In the midst of the madness, however, two fairly young football teams put on a decent show, with Coupeville’s defense the big star for much of the night.

Repeatedly South Whidbey drove deep into enemy territory in the first half, and every single time the Wolves refused to bend.

Martin got things rocking with a pretty, pretty interception, snaring a ball that popped up off of a Falcon shoulder pad, then Wolf teammate Hunter Smith pulled off his own pick to bring a skidding halt to another drive.

With neither offense unable to break through, Martin seized the day with a vengeance.

A play after South Whidbey had pulled off a long catch and run to shove the Wolf “D” back on its heels, Martin exploded in from the side and snatched up a fumble.

Stumblin’ and rumblin’ down the sidelines, he left the Falcons clutching at air as he brought the ball back 65 yards for the first score of the season.

After Zane Bundy tacked on the extra point, Coupeville seemed poised to head into the halftime locker room up 7-0 and rolling.

But the first mistake reared its head when a Wolf receiver was nabbed near the end zone with a mere eight ticks on the clock (yes, at that point the scoreboard was 75% functional…).

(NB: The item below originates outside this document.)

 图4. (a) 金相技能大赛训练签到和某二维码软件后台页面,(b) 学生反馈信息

While it looked like he was out past the line, the refs awarded South Whidbey with a safety, cutting the lead to 7-2.

Still, the Wolves seemed to be in command, and stayed that way until a sensational diving TD catch in the end zone gave the Falcons the lead midway through the third quarter.

Coupeville’s offense was seriously sputtering as the scoreboard loomed like a giant blank slate in the third, but an interception by Clay Reilly and a blow-em-up sack in the backfield by Martin kept the Falcons from adding to their lead.

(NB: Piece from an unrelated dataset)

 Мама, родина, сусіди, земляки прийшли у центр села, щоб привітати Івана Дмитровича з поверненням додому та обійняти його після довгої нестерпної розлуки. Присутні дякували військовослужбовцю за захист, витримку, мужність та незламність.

And then it happened, the break-through play that could have spurred an epic win. Except it didn’t.

Senior Jordan Ford, a transfer playing his first-ever game in the same Wolf uniform that many of his relatives once wore, made off with a fumble and bolted nearly the length of the field, cartwheeling into the end zone and sending the packed visitors bleachers into a frenzy.

But then the frenzy faded as quickly as it hit, as the game-changing touchdown was called back, victim to a penalty whistled on one of Ford’s blockers.

A little bit of the life went out of the Wolves after that, and yet, even though they continued to stall out on offense, the score stayed 9-7 until the final six minutes.

Then, for the first time, a tired Coupeville defense softened just a bit, and the Falcons took advantage, slashing away for three scores on the ground in a four-and-a-half-minute surge.

With the game gone, the Wolves did find some final bits of redemption in the waning moments, with CJ Smith striking twice.

Sophomore QB Hunter Downes hooked up with the senior receiver on an 80-yard scoring strike, then Bundy pulled off a successful onside kick that Smith beat the Falcons to, snaring the ball while hurtling around like a madly-bouncing pinball.

It wasn’t enough to completely save the day, but it showed a team that was willing to fight until the final gun, a positive sign as Coupeville goes forward.

The Wolves play their first four games on the road, and, if the first game was any indication, they will be a dangerous team when they get all the wrinkles worked out.

Their defense, in particular, is a hard-hitting assault team, anchored by seniors Wiley Hesselgrave and Lathom Kelley.

I didn’t see a win Friday, but I did see potential.

Can’t say the same for the folks operating South Whidbey’s stadium.